* [Aim of the task] Skip the pictures. Output only the lines below starting at the line with "De oude kastanje wordt omgehaald" and ending at the line with "Governador Wilson Lima", both ends included, exactly as they are.

* [Data listing]
###

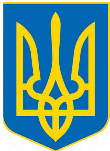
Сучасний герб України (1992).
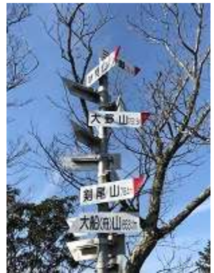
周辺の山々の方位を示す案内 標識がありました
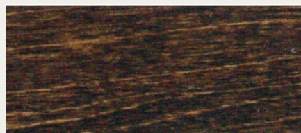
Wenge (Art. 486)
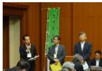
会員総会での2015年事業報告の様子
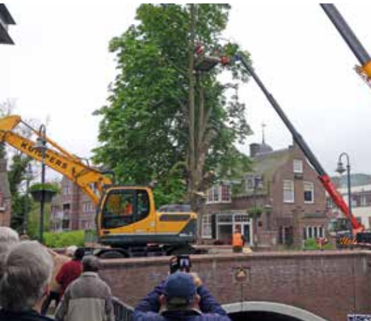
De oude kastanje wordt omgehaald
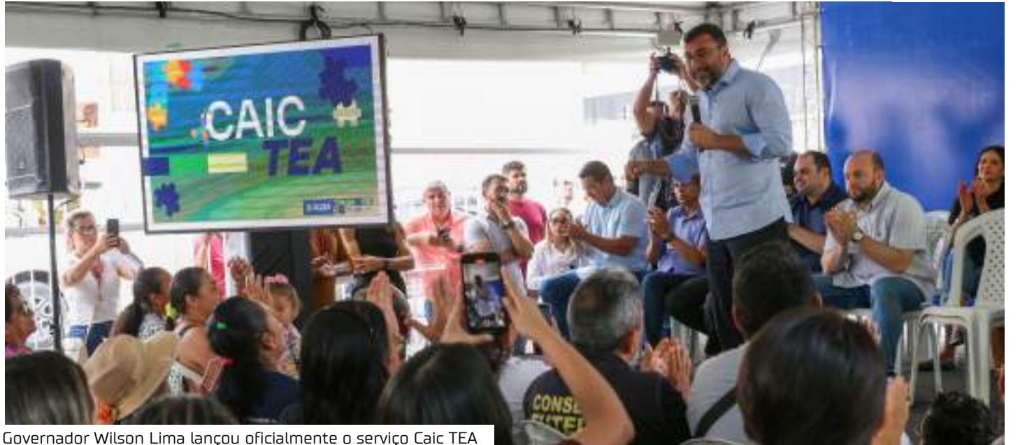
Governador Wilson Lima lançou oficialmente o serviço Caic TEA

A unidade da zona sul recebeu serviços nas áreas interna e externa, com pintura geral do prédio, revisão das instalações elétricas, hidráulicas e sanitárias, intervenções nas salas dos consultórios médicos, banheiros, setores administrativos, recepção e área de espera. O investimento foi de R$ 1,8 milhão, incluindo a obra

###

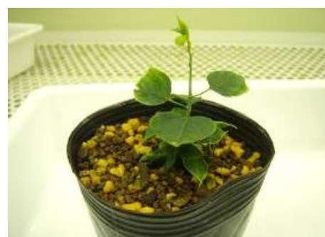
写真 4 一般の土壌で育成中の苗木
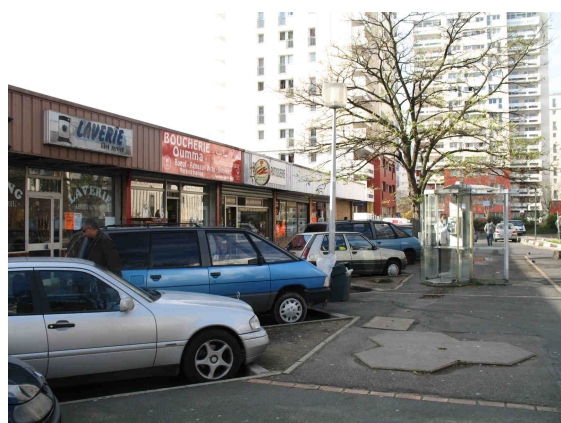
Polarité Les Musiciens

###

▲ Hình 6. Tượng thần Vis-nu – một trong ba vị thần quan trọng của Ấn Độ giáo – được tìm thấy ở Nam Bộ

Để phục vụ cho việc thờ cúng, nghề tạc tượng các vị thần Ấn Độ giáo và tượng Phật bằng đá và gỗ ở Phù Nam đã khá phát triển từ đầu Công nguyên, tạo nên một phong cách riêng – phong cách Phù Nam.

###

* [Written answer]
De oude kastanje wordt omgehaald
Governador Wilson Lima lançou oficialmente o serviço Caic TEA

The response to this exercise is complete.